When trouble shooting this type of problem the key is trying to determine
if the interfering signal is real or not. Whether its real or not
determines how to fix it.
Your note contains two significant clues. The first clue is that when you
face your beam north or south the signal is very strong, but when you face
east or west, you do not "experience the problem" (does this mean you don't
hear the signal ?). No beam in the world has this kind of front-to-back
ratio (that could make such a strong signal disappear). The second clue
is that when you turn on the attenuator the signal "completely disappears"
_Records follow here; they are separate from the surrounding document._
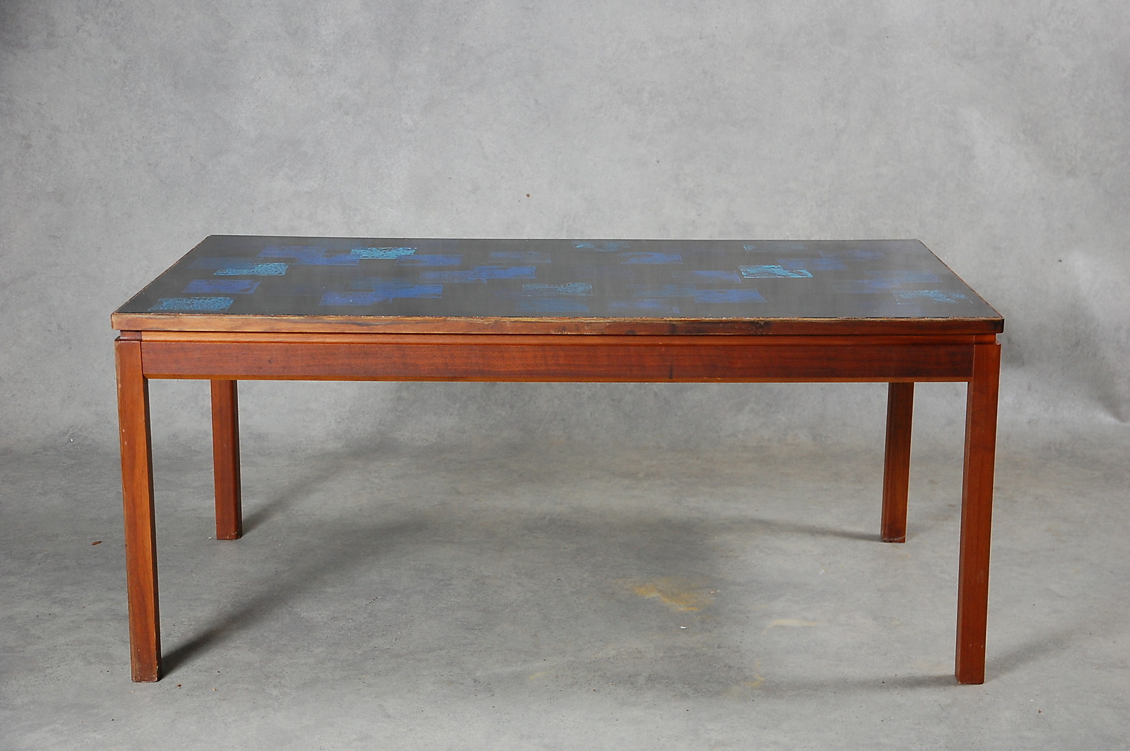 332271. YNGVAR SANDSTRÖM. mesa, con tapa en esmalte de Algot Törneman.
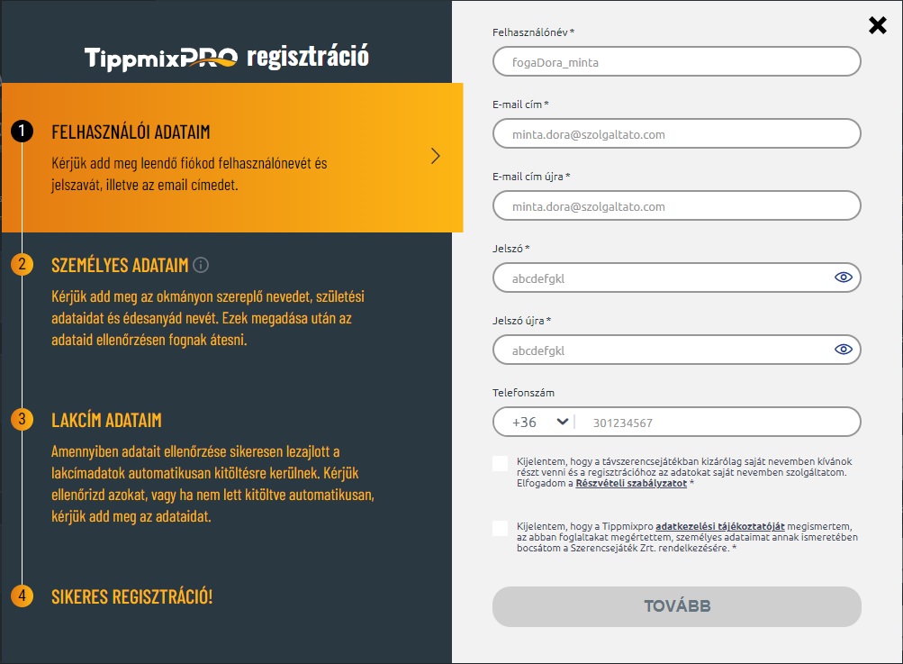 1Fontos, ha már volt Tippmixpro fiókod, nem kell új regisztrációt létrehoznod! Kérj jelszó-emlékeztetőt vagy az adatok egyeztetéséhez hívd ügyfélszolgálatunkat a 06-1/201-0580-as telefonszámon (H-V: 7-23h)!
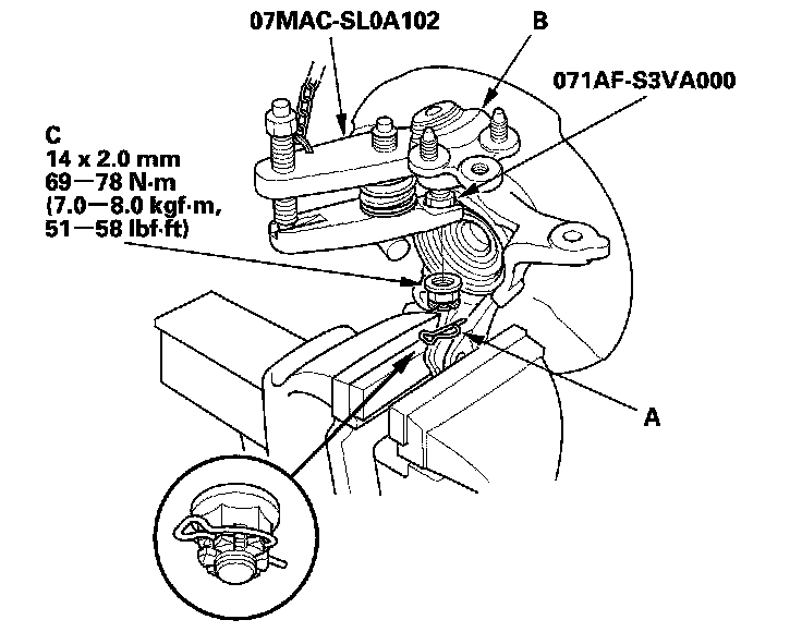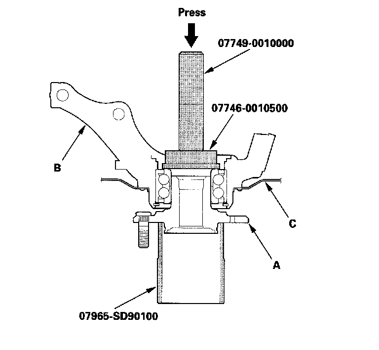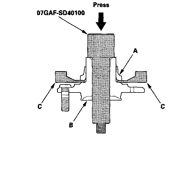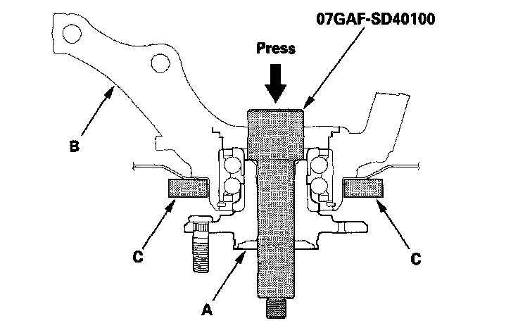 1. Separate the hub (A) from the knuckle (B) using the special tool and a hydraulic press. Hold the knuckle with the attachment (C) of the hydraulic press or equivalent tool. Be careful not to deform the splash guard. Hold onto the hub to keep it from failing when pressed clear.

.... this is a classic clue.
Both of these are strong clues that something inside your radio is being
overloaded and that this internal overload is generating the interfering
signal that you are hearing, the signal is not real. The overload may be
due to one, or several, very strong out of band (not 6m) signals that are
doing evil things inside your radio. Anytime you can flip in 10 dB of
attenuation and the signal changes by more than 10 dB, the signal isnt
"real", its sometime else.
As has been suggested, the fix is to get some front selectivity and/or
notch out the problem signal (Ch 3 ?). I think there were a couple of
suggestions to try out a low pass filter that has a cut off freq above 50
MHz (passes 50 MHz) but below the Ch 3 freq (attenuates Ch3). There are
some commercial filters that can do this and you can also home brew
filters. Most of these are designed for 100 watts. Pay attention to
what the cut off frequency is and how much attenuation is offers at Ch3
.... that may allow you to do some filter spec comparison. Such a
filter should have almost no affect to your 6m signal.